» **EXERCISE PROMPT**: Restate every entry verbatim; drop the pictures.

[Saved data entries]
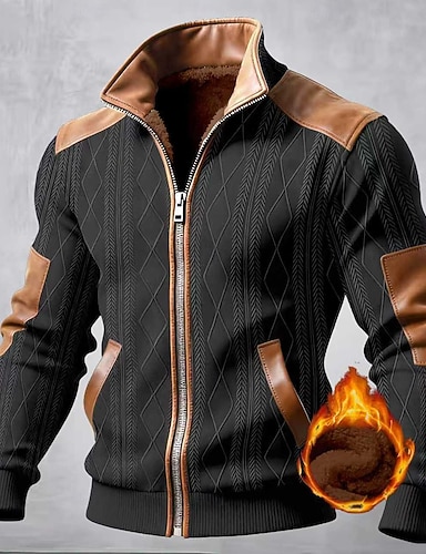 Hombre Chaqueta de lana Chaqueta casual Oficina Casual Confortable Retazos Bolsillo Otoño Otoño invierno Con Texturas Vintage Ropa de calle Cuello Vuelto Regular Azul Piscina Negro Blanco Verde
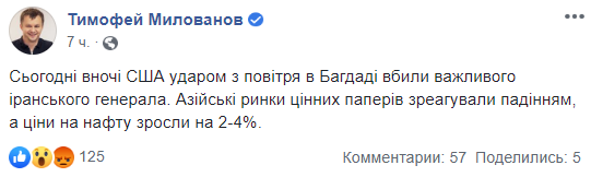"Сегодня ночью США ударом с воздуха в Багдаде убили важного иранского генерала. Азиатские рынки ценных бумаг отреагировали падением, а цены на нефть выросли на 2-4%", - написал он на своей странице в Facebook.
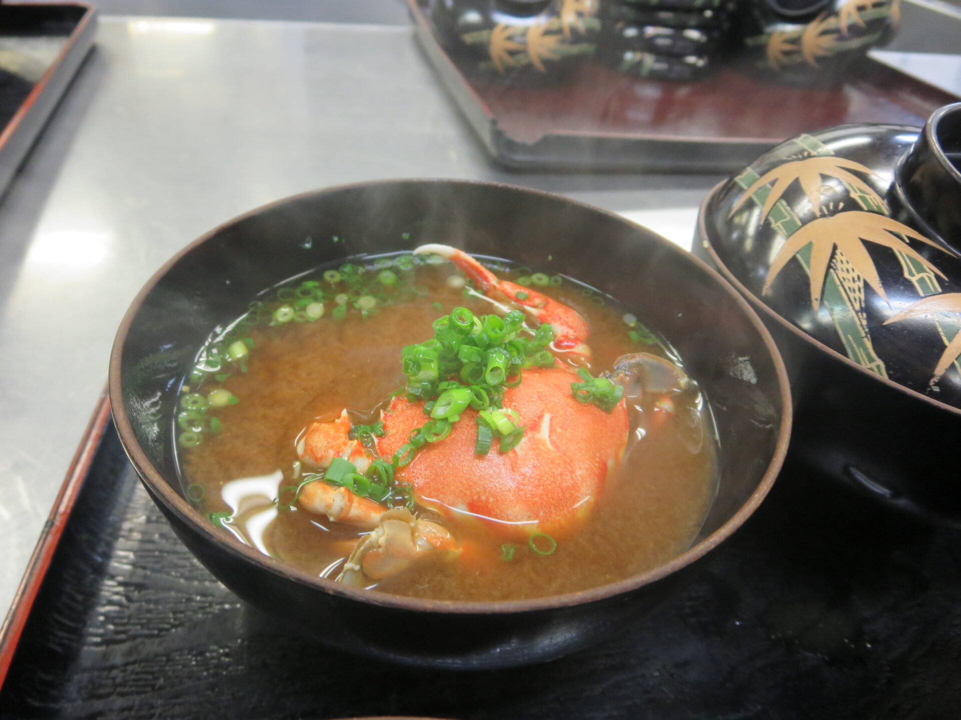 今日の一品、渡り蟹のお椀。いいお出汁が出ています。
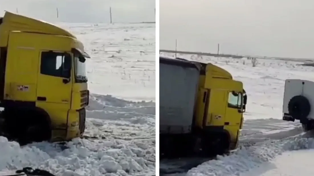 По информации МЧС РК, оперативно прибывшие спасатели, используя специальную технику и трос, отбуксировали фуру на очищенный участок дороги.
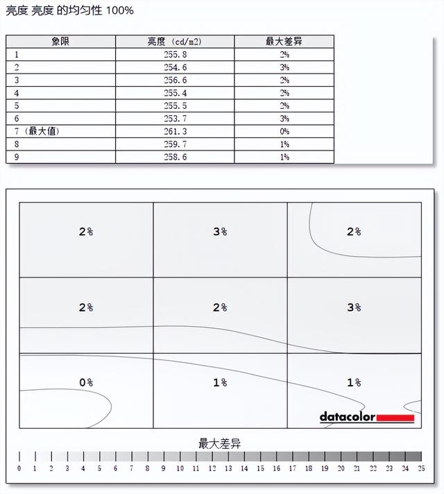 亮度均匀性的测试中,明基PD2706QN显示器整体表现更加优秀,亮度最大为第7象限,最大差异在第6象限,差值为7.6cd/m²。
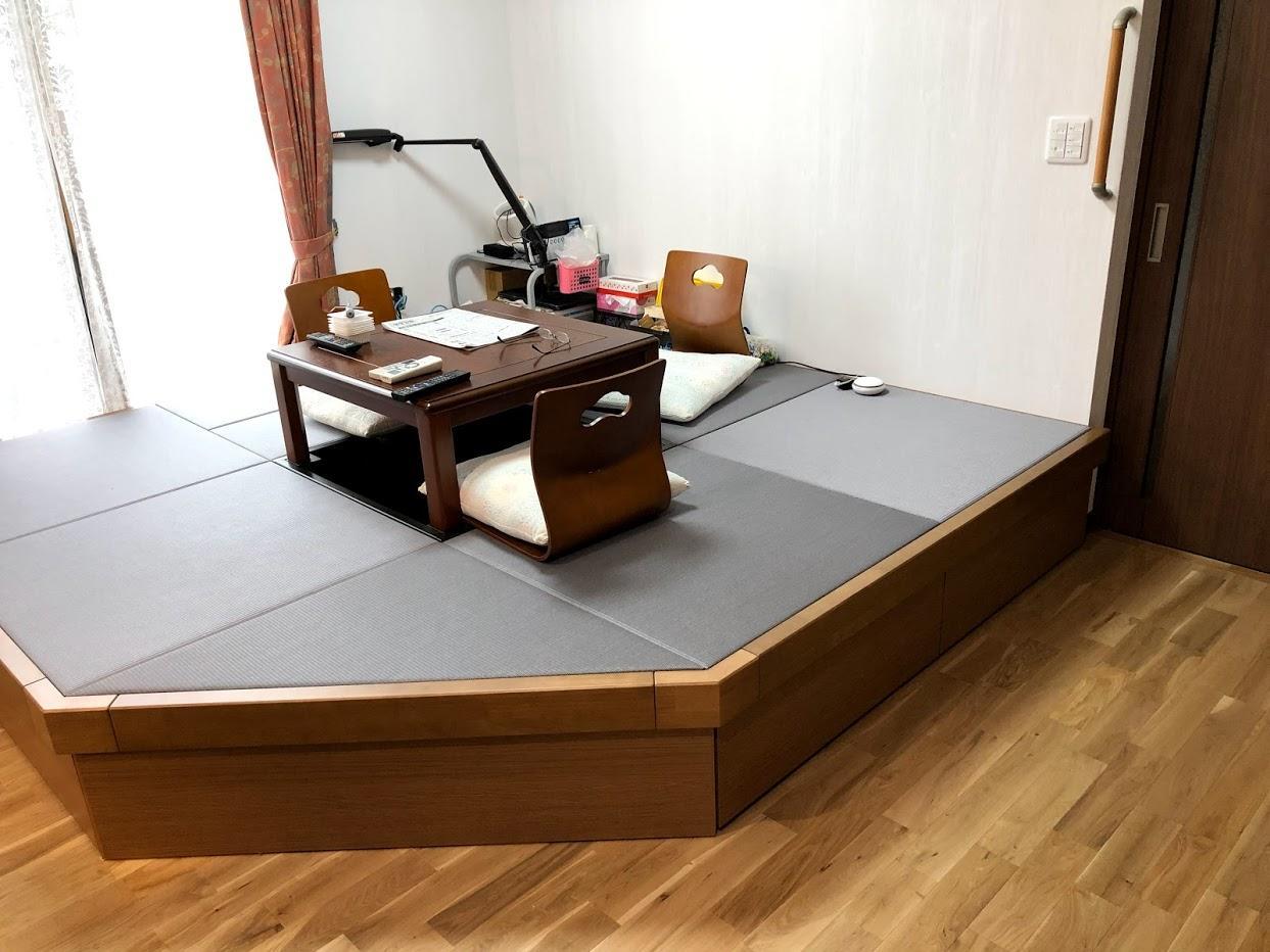 座って過ごされることが多いお爺ちゃんは、小上がりの畳コーナーへ掘り炬燵を設置して特等席を。

» **ANSWER SECTION**:
 Hombre Chaqueta de lana Chaqueta casual Oficina Casual Confortable Retazos Bolsillo Otoño Otoño invierno Con Texturas Vintage Ropa de calle Cuello Vuelto Regular Azul Piscina Negro Blanco Verde
"Сегодня ночью США ударом с воздуха в Багдаде убили важного иранского генерала. Азиатские рынки ценных бумаг отреагировали падением, а цены на нефть выросли на 2-4%", - написал он на своей странице в Facebook.
 今日の一品、渡り蟹のお椀。いいお出汁が出ています。
 По информации МЧС РК, оперативно прибывшие спасатели, используя специальную технику и трос, отбуксировали фуру на очищенный участок дороги.
 亮度均匀性的测试中,明基PD2706QN显示器整体表现更加优秀,亮度最大为第7象限,最大差异在第6象限,差值为7.6cd/m²。
 座って過ごされることが多いお爺ちゃんは、小上がりの畳コーナーへ掘り炬燵を設置して特等席を。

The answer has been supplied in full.